▸ **INFORMATION SUPPLIED**:
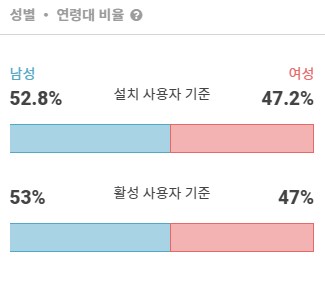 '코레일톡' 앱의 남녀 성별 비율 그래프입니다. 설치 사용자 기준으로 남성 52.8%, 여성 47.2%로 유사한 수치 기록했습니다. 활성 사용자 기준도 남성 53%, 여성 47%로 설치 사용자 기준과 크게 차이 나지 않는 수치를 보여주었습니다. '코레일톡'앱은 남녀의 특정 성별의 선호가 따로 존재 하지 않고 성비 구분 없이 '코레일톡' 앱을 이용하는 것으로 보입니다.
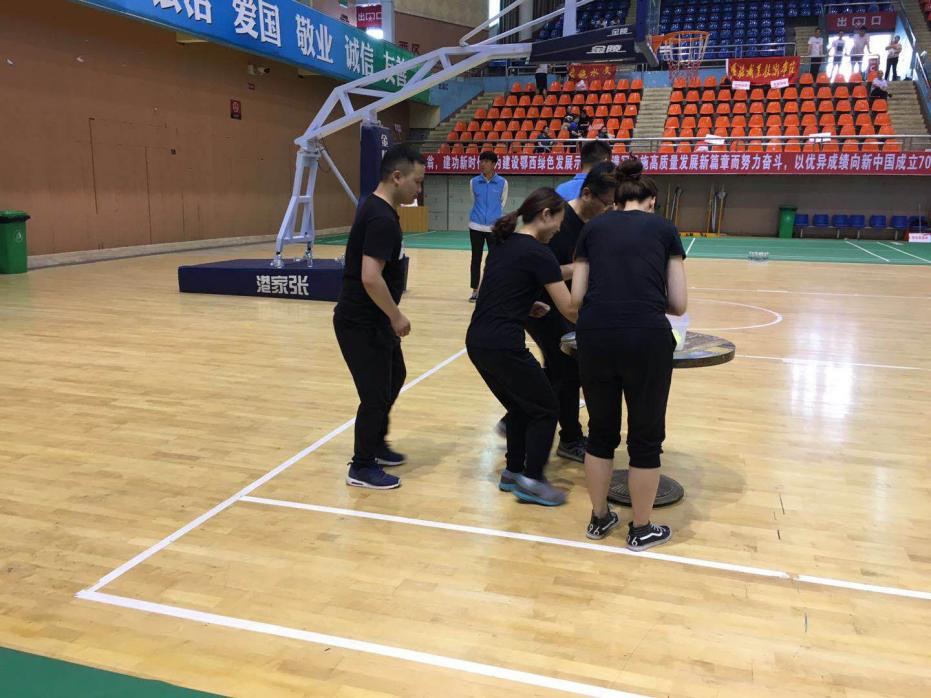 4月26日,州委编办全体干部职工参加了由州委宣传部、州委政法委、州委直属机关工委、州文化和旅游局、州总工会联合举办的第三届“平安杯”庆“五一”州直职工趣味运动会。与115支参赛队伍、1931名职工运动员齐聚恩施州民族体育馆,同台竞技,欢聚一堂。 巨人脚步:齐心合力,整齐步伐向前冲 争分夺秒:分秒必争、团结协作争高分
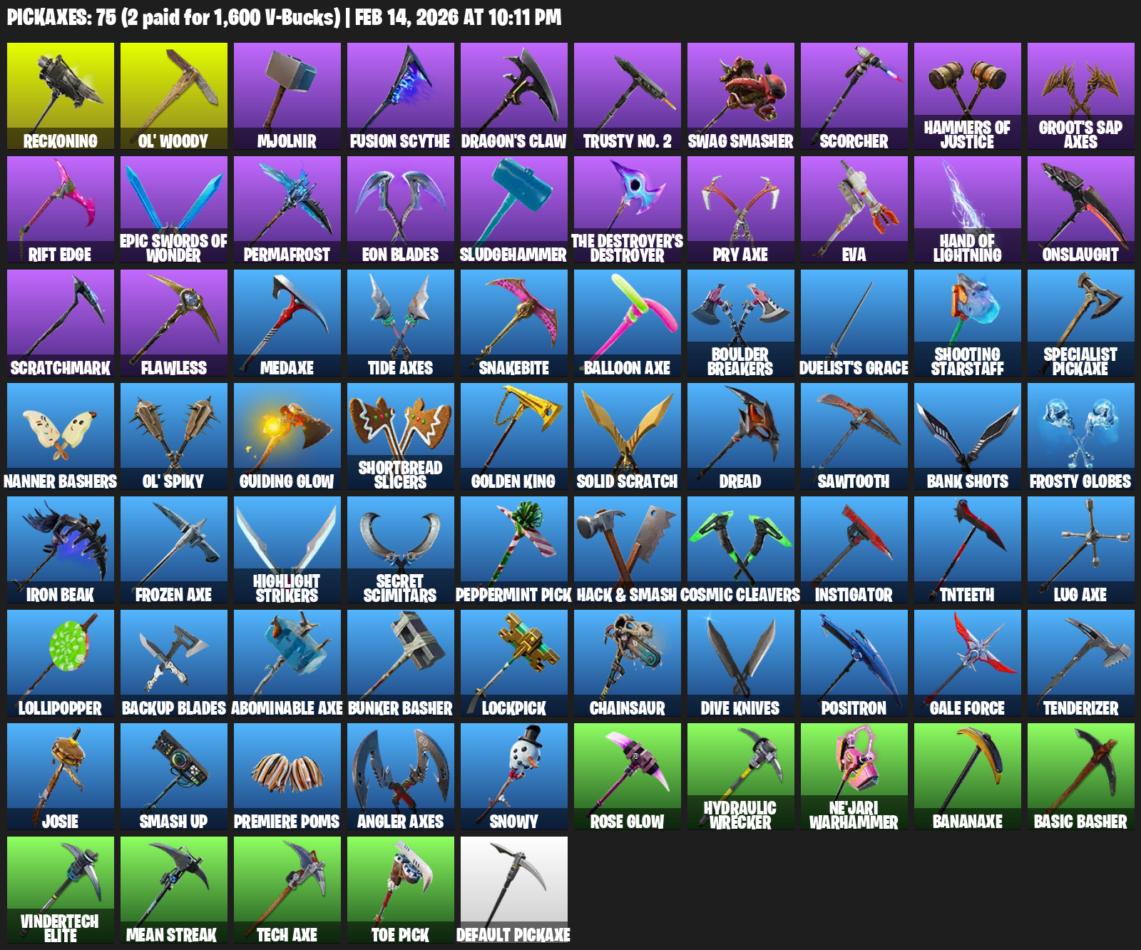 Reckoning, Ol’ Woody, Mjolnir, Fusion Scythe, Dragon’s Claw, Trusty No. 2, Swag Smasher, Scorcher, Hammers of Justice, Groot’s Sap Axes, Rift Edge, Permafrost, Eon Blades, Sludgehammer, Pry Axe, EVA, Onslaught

▸ **WHAT THE EXERCISE ASKS**: Everything in the material above should be reproduced exactly, except the pictures.

▸ **TASK RESULT**:
 '코레일톡' 앱의 남녀 성별 비율 그래프입니다. 설치 사용자 기준으로 남성 52.8%, 여성 47.2%로 유사한 수치 기록했습니다. 활성 사용자 기준도 남성 53%, 여성 47%로 설치 사용자 기준과 크게 차이 나지 않는 수치를 보여주었습니다. '코레일톡'앱은 남녀의 특정 성별의 선호가 따로 존재 하지 않고 성비 구분 없이 '코레일톡' 앱을 이용하는 것으로 보입니다.
 4月26日,州委编办全体干部职工参加了由州委宣传部、州委政法委、州委直属机关工委、州文化和旅游局、州总工会联合举办的第三届“平安杯”庆“五一”州直职工趣味运动会。与115支参赛队伍、1931名职工运动员齐聚恩施州民族体育馆,同台竞技,欢聚一堂。 巨人脚步:齐心合力,整齐步伐向前冲 争分夺秒:分秒必争、团结协作争高分
 Reckoning, Ol’ Woody, Mjolnir, Fusion Scythe, Dragon’s Claw, Trusty No. 2, Swag Smasher, Scorcher, Hammers of Justice, Groot’s Sap Axes, Rift Edge, Permafrost, Eon Blades, Sludgehammer, Pry Axe, EVA, Onslaught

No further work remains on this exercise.